WHOI chosen one of top 10 places for postdocs to work


Woods Hole Oceanographic Institution (WHOI) is one of the ten best places to work for postdoctoral researchers, according to a recent survey of readers of the magazine The Scientist. WHOI ranked eighth in the top ten US institutions.

Nearly all of the top fifteen US institutions in the survey were medical or cancer research centers, with the Fox Chase Cancer Center in Philadelphia ranked first. The National Institutes of Health was number 10, and the California Institute of Technology was ranked 12th.

More than 3,500 readers responded to the web-based survey, which was open to scientists in 21 countries, including Canada, France, Germany, Israel, Norway, Spain, United Kingdom and the United States. Email invitations were sent to more than 48,000 readers of The Scientist and registrants on The Scientist web site who identified themselves as non-tenured life scientists working in academic or other non-commercial research institutions. The survey was conducted September 9-20, 2003.

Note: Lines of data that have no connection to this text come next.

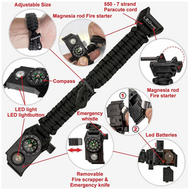 - Βραχιόλι επιβίωσης 6 σε 1, με πυξίδα υψηλής ακρίβειας, τσακμακόπετρα, ξέστρο φωτιάς μέσα στην αγκράφα, που μπορεί να χρησιμοποιηθεί κι ως μαχαίρι έκτακτης ανάγκης, φακό και σφυρίχτρα για ήχο μέχρι 100db.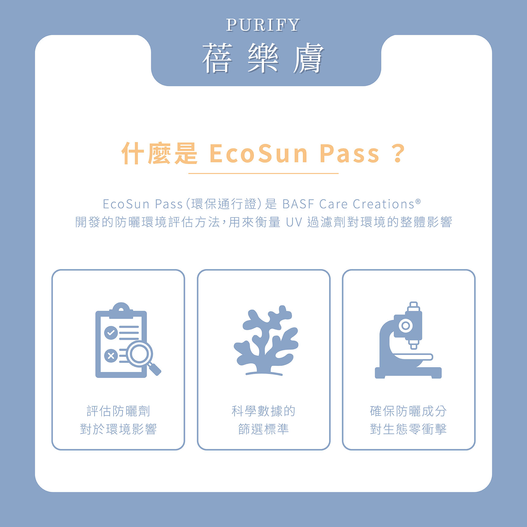 那麼,什麼是【EcoSun Pass】潔淨標準?【EcoSun Pass】是國際防曬權威巴斯夫(BASF),專為防曬所開發環境友善指數評估的全新方法,主要是使用最新的科學數據,評估防曬劑對於環境影響,以及防曬係數(SPF)和UVA防護效率,是否能夠達到最佳的環境足跡,讓消費者在選擇環保的防曬這件事變得更簡單。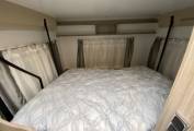 Electrically coming down from the ceiling here is the first of two sizeable double beds.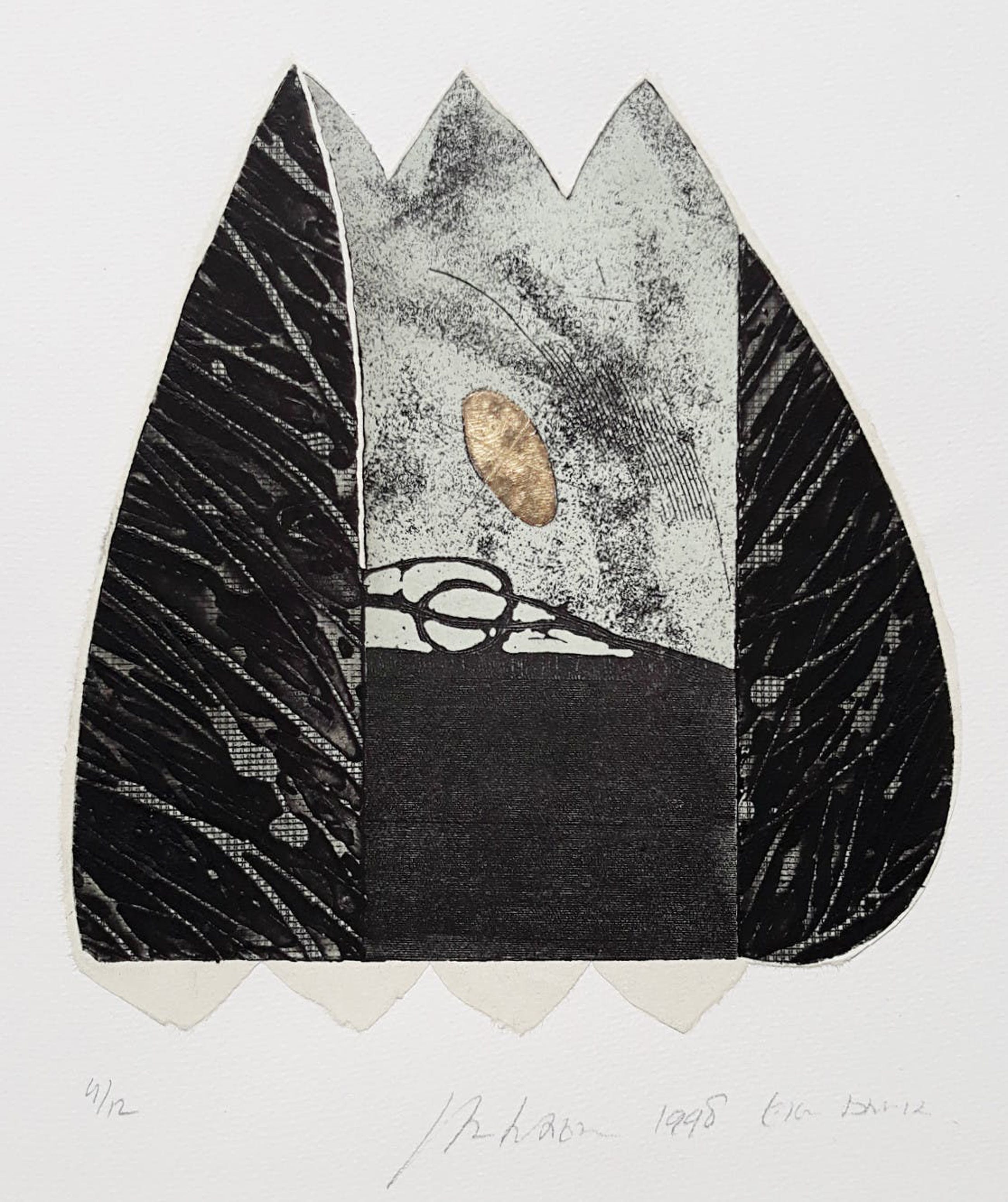Zeer mooi werk van Jan Naezer. Aquatint ets met bladgoud op geschept papier, met potlood gesigneerd, gedateerd (1998) en genummerd (4/12). Afkomstig uit de kunstcollectie van ABNAMRO, in uitstekende conditie.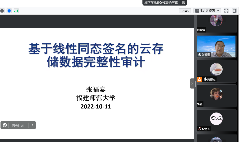 邀请,10月11日下午,福建师范大学张福泰教授在腾讯会议作了题为《基于线性同态签名的云存储数据完整性审计》的报告。相关师生聆听了此次报告,报告由黄振杰老师主持。

Respondents were asked to assess their working environment according to 45 criteria in 11 different areas. Criteria included access to books and journals needed for research, training, support of the principal investigator and laboratory colleagues, quality of the research facilities, and pride in their research.

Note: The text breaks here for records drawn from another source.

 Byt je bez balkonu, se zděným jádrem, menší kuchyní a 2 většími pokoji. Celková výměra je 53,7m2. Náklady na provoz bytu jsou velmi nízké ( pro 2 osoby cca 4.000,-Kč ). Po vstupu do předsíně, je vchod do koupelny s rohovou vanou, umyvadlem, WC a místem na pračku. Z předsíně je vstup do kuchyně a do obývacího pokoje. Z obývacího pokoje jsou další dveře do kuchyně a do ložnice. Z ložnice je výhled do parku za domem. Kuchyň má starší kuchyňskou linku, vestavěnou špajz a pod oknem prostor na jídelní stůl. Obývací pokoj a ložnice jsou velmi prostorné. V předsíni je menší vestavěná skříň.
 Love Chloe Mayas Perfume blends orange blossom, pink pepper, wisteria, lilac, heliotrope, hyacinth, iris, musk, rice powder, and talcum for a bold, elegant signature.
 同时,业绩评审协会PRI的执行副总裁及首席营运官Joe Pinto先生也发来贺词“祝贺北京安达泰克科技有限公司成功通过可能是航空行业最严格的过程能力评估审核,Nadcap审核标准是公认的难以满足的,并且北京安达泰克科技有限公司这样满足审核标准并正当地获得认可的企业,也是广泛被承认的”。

"We are delighted to be included in the top ten postdoctoral programs nationally as determined by The Scientist survey," said WHOI Vice President and Dean John Farrington. "Postdoctoral scientists and engineers at WHOI contribute substantively to the intellectual and learning environments of the Institution."

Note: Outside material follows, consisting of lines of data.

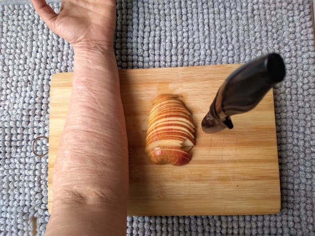 רוני שרה בר, משתתפת בקורס הצילום דרך עמותת הלל ליוצאים בשאלה: ״אני חרדית לשעבר, או כמו שאני קוראת לזה ״חוזרת בתשובה לעצמי״. אני אמנית מגיל צעיר – מגיל 4 כבר ישבתי בשולחנות של גדולים בחוגי אמנות, עד היום אני יוצרת. לפני הקורס עבדתי בתחום הכושר, אבל הרגשתי שנמאס לי שהגוף הוא כרטיס הביקור שלי, ונמאס לי להיות במשטר כזה קשה. רציתי שוקולד. הייתי בתקופה קשה, עד שהבנתי שמה שאני רוצה לעשות בחיים זה אמנות. ״בקורס למדתי צילום, רציתי לראות אם זו אופציה בשבילי, אם אני יכולה לעסוק בזה. אם אמן רוצה להיות מדויק הוא צריך להתפשט, כמו בצל, ולהוריד קליפות עד שיהיה מזוקק. בקורס התחלתי לעשות עם עצמי את התהליך הזה, להשמיע את הקול שלי. נחשפתי לעצמי, מול המנחה, מול הקבוצה. מי אני? מה אני? מה הקול שלי? בדרך כלל חשובה לי האנונימיות שלי, אבל אני מבינה שבתור אמנית אני כבר לא יכולה להישאר בצללים. ״אמן זה אדם עם המון שדים, אבל הוא חייב להוציא אותם החוצה. והקורס הזה היה הזדמנות עבורי להכיר את השדים שלי. באמצעות התוכנית הצלחתי להגיע אליי. זה היה מסע אל תוך עצמי, ואפשרות להשמיע את הקול שלי דרך צילום. לדוגמה, נתנו לי משימה עם תפוחים, ויצאה תמונה שמעוררת הרבה פחדים, סימני שאלה, אומץ, גאווה ובושה – הכל ביחד. התמונה מסמלת מבחינתי את התקופה שבה חתכתי את עצמי. ומה שהתמונה הזו מעוררת – זו התמצית שלי, סקרנות או אי נוחות – זו אני. ״התמונה אומרת הכל. לא צריך לדבר, רק להפעיל את החושים. כשראיתי את התמונה שלי בענק, בתערוכה, הבנתי שזו לא תמונה רגילה, ושאלתי את עצמי מה אחרים חושבים על זה. הצילומים הודפסו גם על גלויות, והתמונה שלי ביניהן. אנשים בחרו להם מזכרת יפה. בדקתי אם אנשים לקחו את הגלויה שלי, כי זו לא סתם תמונה יפה, זו תמונה יותר מורכבת, עם חיים ומוות, ברזל קשה ויד רכה, תקווה ויאוש. אבל אין מה לעשות אני חייבת להביא את עצמי, את כל כולי, גם אם זה מורכב. כולנו בסופו של דבר אנשים מורכבים״.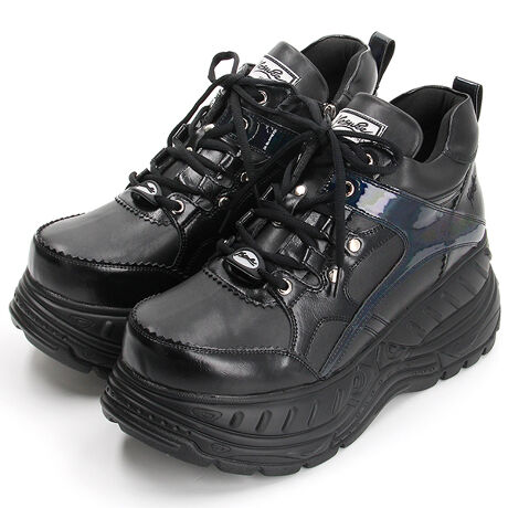 柄を入れたオリジナルソールは存在感大、スポーティーな切り替えパターンを使用したクラシックデザインの厚底スニーカー。
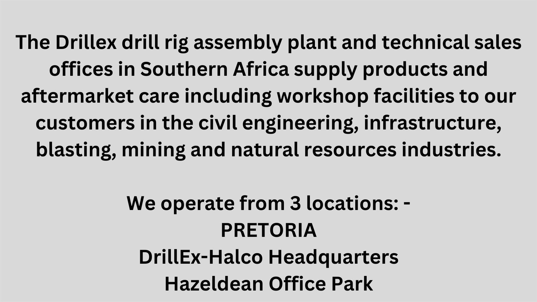 By way of introduction, we are the Aluwani Group, a Level One mining supply and manufacturing group based in Johannesburg, Pretoria and Polokwane, South Africa. We manufacture and assemble the Drillex Exploration and Blast Hole range of drilling machines and supply HALCO Rock Drilling Ground Engaging Tools to the greater Southern African and Madagascan regions.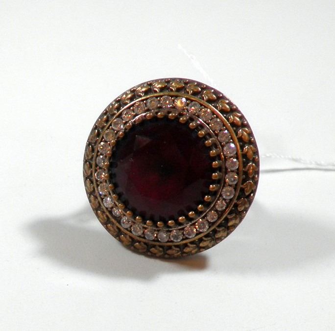 Silver and brass ring set with central red gemstone, surrounded by transparent gemstones, size 7, weight: 13 gm.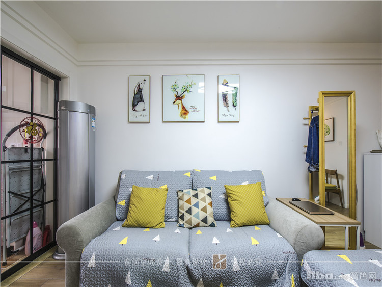 01_客厅 客厅整体以白色为基调,搭配灰色沙发与茶几、局部的木元素,并以柠檬黄的抱枕贯通整体空间,有趣的空间色彩让整体空间更加跳跃灵动,更富有层次感,放置的落地镜也让生活更有味道。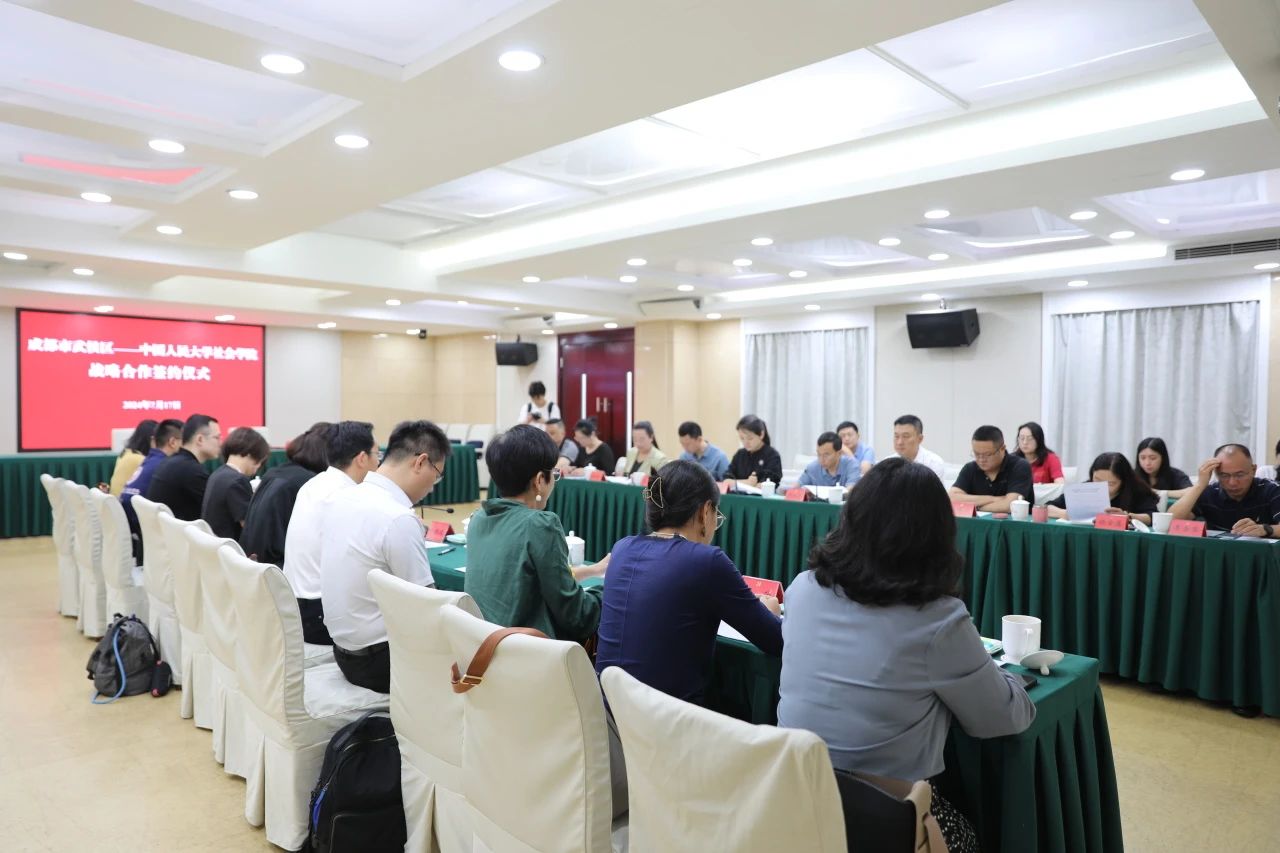 四川省委社会工作部五处副处长彭俊,成都市委社会工作部人才队伍建设处副处长傅修骢,武侯区委社会工作部常务副部长、社治委主任、“两新”工委书记刘虹楠,武侯区社会工作部副部长卿科,教育部中外语言交流合作中心汉学研究处副处长王昕生,MK体育副经理富晓星,MK体育官网汉语国际推广研究所副所长、新汉学计划专家委员会秘书处负责人张靖,MK体育官网政策研究室信息综合室负责人宫平,武侯区相关社区负责人及田野课堂成都组带队老师何欣、王亚鹏、苏筱、张晓雷和员工代表参加了签约仪式,仪式由刘虹楠主持。

Between 50 and 80 postdocs are in residence at the Institution at any one time. Seventy-five to 170 applications are received each year, and ten to 15 appointments are offered for fellowships of 18 months. While postdoctoral scientists and engineers have been associated with WHOI since the Institution's founding in 1930, the current year-round program was formalized in 1960. Private donors have provided funding for the postdoctoral fellowship program for decades, and federal grants and contracts awarded to the scientific and technical staff also provides support for postdocs. Some postdocs secure their own funding from other national and international sources.